• Task description:
Output the entries in full and verbatim, pictures omitted.

• Data supplied:
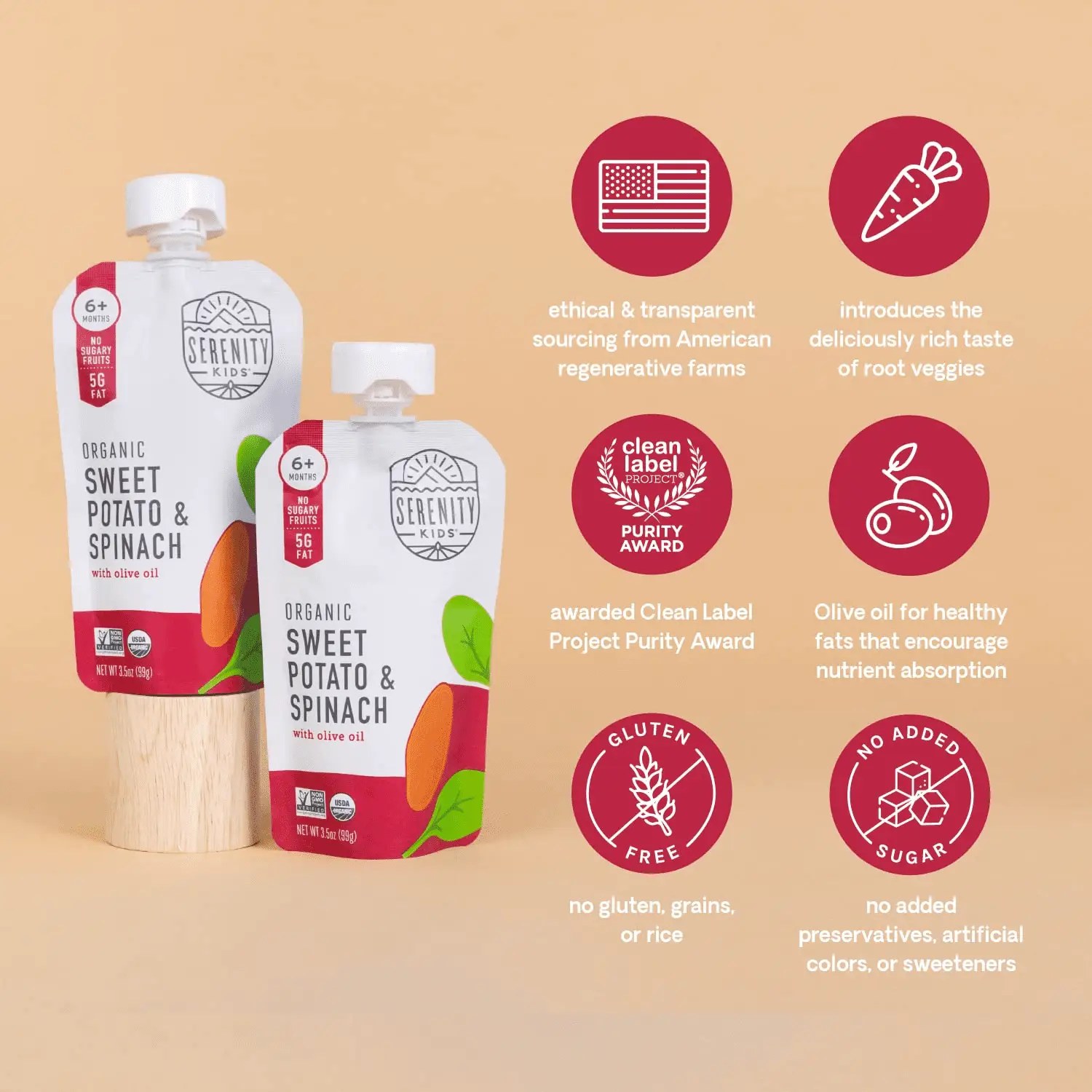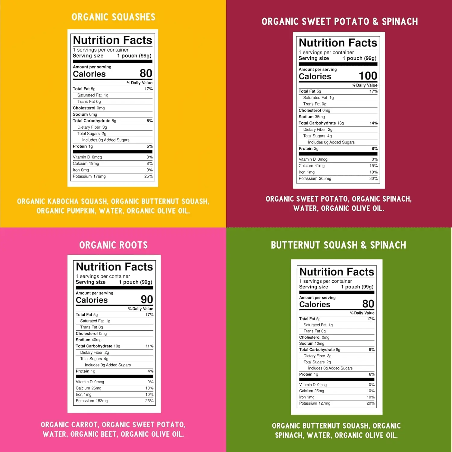 - SAVORY VEGGIES GOODNESS: Get 8 Serenity Kids certified organic veggie baby food pouches, packing a spicy punch with 2 each of squashes, roots, sweet potatoes, and butternut squash. The Serenity kids baby food is perfect for parents seeking top-notch organic baby food pouch options
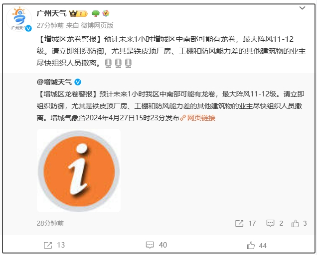 廣州市增城區氣象公共服務中心官方微博@增城天氣 4月27日消息,增城氣象台當天15時23分發布龍捲警報,預計未來1小時增城區中南部可能有龍捲,最大陣風11-12級。請立即組織防禦,尤其是鐵皮頂廠房、工棚和防風能力差的其他建築物的業主儘快組織人員撤離。
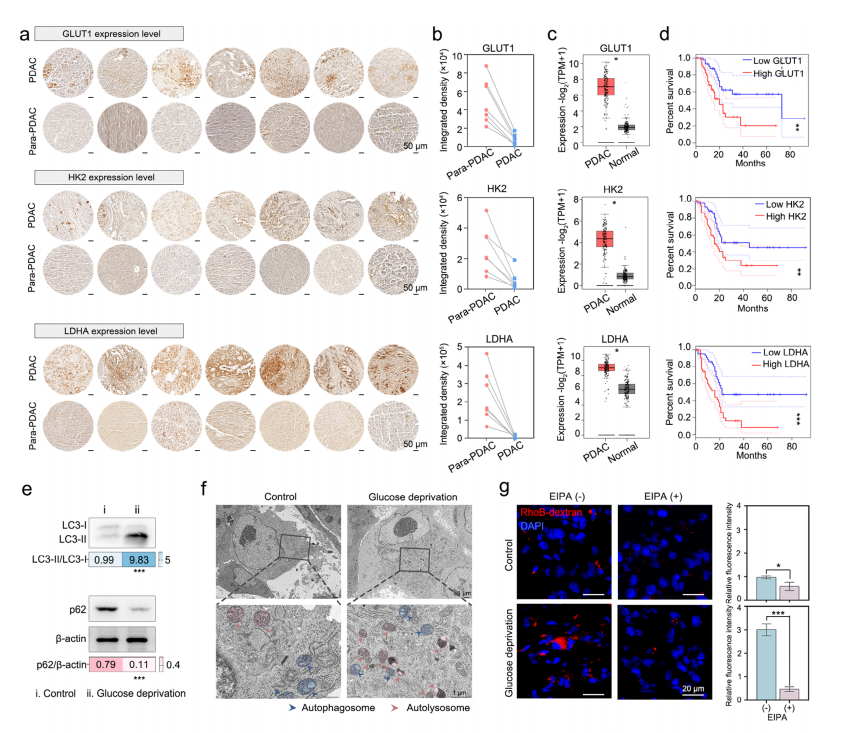 PDAC 中的糖酵解依赖与适应性代谢代偿。a) PDAC 患者肿瘤组织及邻近正常组织(PDAC 旁)中糖酵解相关酶(GLUT1、HK2、 LDHA)的代表性 IHC 染色。比例尺=50 µm 。b) IHC 染色定量分析(n=7)。c) TCGA 数据库中 PDAC 患者糖酵解相关基因的表达水平。d) 根据 TCGA 队列中糖酵解相关基因高/低表达水平分层的 PDAC 患者Kaplan-Meier生存分析。e) 正常喂养(对照组)或12小时禁食(葡萄糖剥夺)后荷 PDAC 小鼠LC3与p62的Western blot分析。f) 正常喂养(对照组)或12小时禁食(葡萄糖剥夺)后荷 PDAC 小鼠肿瘤切片中自噬泡的TEM图像。比例尺=1 µm 。g) 正常喂养(对照组)或12小时禁食(葡萄糖剥夺)后荷 PDAC 小鼠肿瘤组织中 CLSM 图像及RhoB-葡聚糖摄取实验评估的巨胞饮作用。比例尺=20 µm 。数据以均值±标准差表示。*P<0.05,**P<0.01,***P<0.001。
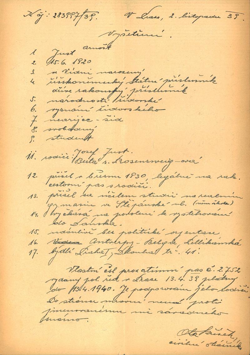 National archives Prague > Police Directorate Prague > 1941-1950 > J > Just Arnošt
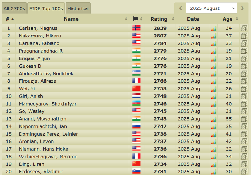 Nakamura, Caruana, So, Dominguez Perez, Aronian and Niemann are the Americans in the top 20.
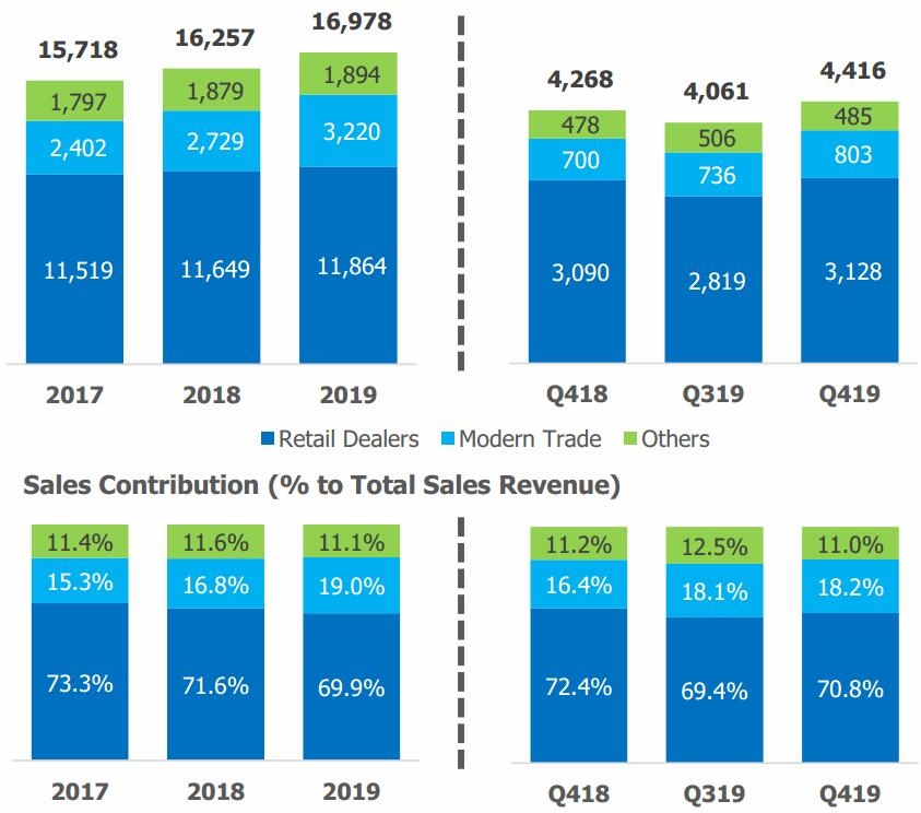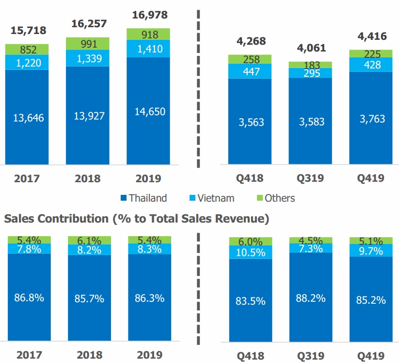 按区域销售来看,TOA集团泰国地区销售额收入为146.50亿泰铢,占比为86.3%;越南地区销售收入为14.10亿泰铢,占比为8.3%;其他地区销售收入为9.18亿泰铢,占比为5.4%。2019财年,泰国和越南地区的销售收入同比增长,这主要是受现代贸易和零售渠道销售的推动。
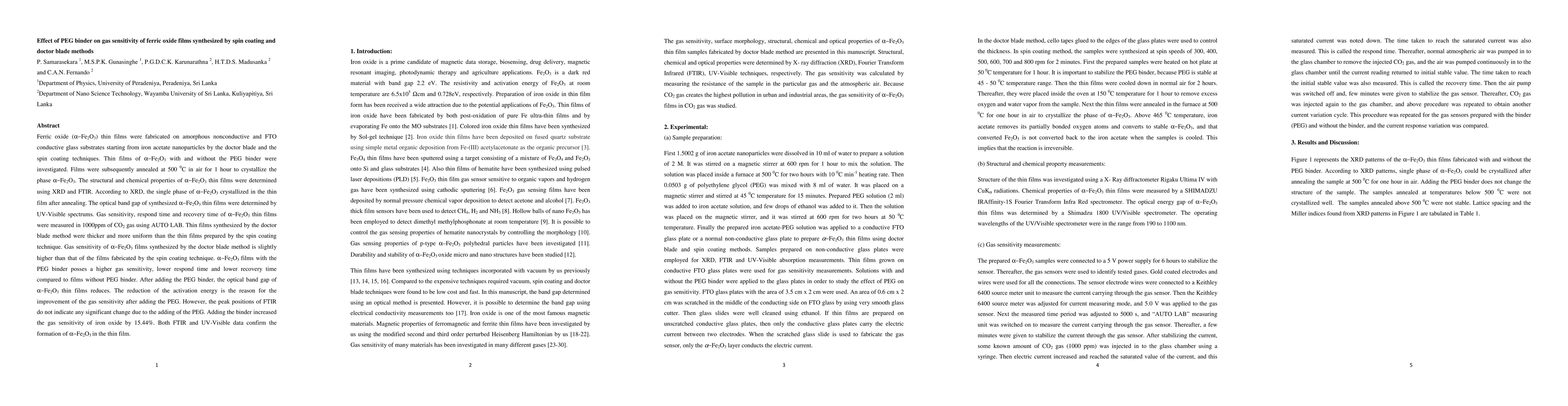 This paper investigates the effect of PEG binder on the gas sensitivity of ferric oxide (Fe2O3) thin films synthesized by doctor blade and spin coating methods. Fe2O3 films with PEG binder show higher gas sensitivity, lower response time, and lower recovery time compared to films without binder, attributed to a reduced optical band gap and activation energy.

• Task result:
 - SAVORY VEGGIES GOODNESS: Get 8 Serenity Kids certified organic veggie baby food pouches, packing a spicy punch with 2 each of squashes, roots, sweet potatoes, and butternut squash. The Serenity kids baby food is perfect for parents seeking top-notch organic baby food pouch options
 廣州市增城區氣象公共服務中心官方微博@增城天氣 4月27日消息,增城氣象台當天15時23分發布龍捲警報,預計未來1小時增城區中南部可能有龍捲,最大陣風11-12級。請立即組織防禦,尤其是鐵皮頂廠房、工棚和防風能力差的其他建築物的業主儘快組織人員撤離。
 PDAC 中的糖酵解依赖与适应性代谢代偿。a) PDAC 患者肿瘤组织及邻近正常组织(PDAC 旁)中糖酵解相关酶(GLUT1、HK2、 LDHA)的代表性 IHC 染色。比例尺=50 µm 。b) IHC 染色定量分析(n=7)。c) TCGA 数据库中 PDAC 患者糖酵解相关基因的表达水平。d) 根据 TCGA 队列中糖酵解相关基因高/低表达水平分层的 PDAC 患者Kaplan-Meier生存分析。e) 正常喂养(对照组)或12小时禁食(葡萄糖剥夺)后荷 PDAC 小鼠LC3与p62的Western blot分析。f) 正常喂养(对照组)或12小时禁食(葡萄糖剥夺)后荷 PDAC 小鼠肿瘤切片中自噬泡的TEM图像。比例尺=1 µm 。g) 正常喂养(对照组)或12小时禁食(葡萄糖剥夺)后荷 PDAC 小鼠肿瘤组织中 CLSM 图像及RhoB-葡聚糖摄取实验评估的巨胞饮作用。比例尺=20 µm 。数据以均值±标准差表示。*P<0.05,**P<0.01,***P<0.001。
 National archives Prague > Police Directorate Prague > 1941-1950 > J > Just Arnošt
 Nakamura, Caruana, So, Dominguez Perez, Aronian and Niemann are the Americans in the top 20.
 按区域销售来看,TOA集团泰国地区销售额收入为146.50亿泰铢,占比为86.3%;越南地区销售收入为14.10亿泰铢,占比为8.3%;其他地区销售收入为9.18亿泰铢,占比为5.4%。2019财年,泰国和越南地区的销售收入同比增长,这主要是受现代贸易和零售渠道销售的推动。
 This paper investigates the effect of PEG binder on the gas sensitivity of ferric oxide (Fe2O3) thin films synthesized by doctor blade and spin coating methods. Fe2O3 films with PEG binder show higher gas sensitivity, lower response time, and lower recovery time compared to films without binder, attributed to a reduced optical band gap and activation energy.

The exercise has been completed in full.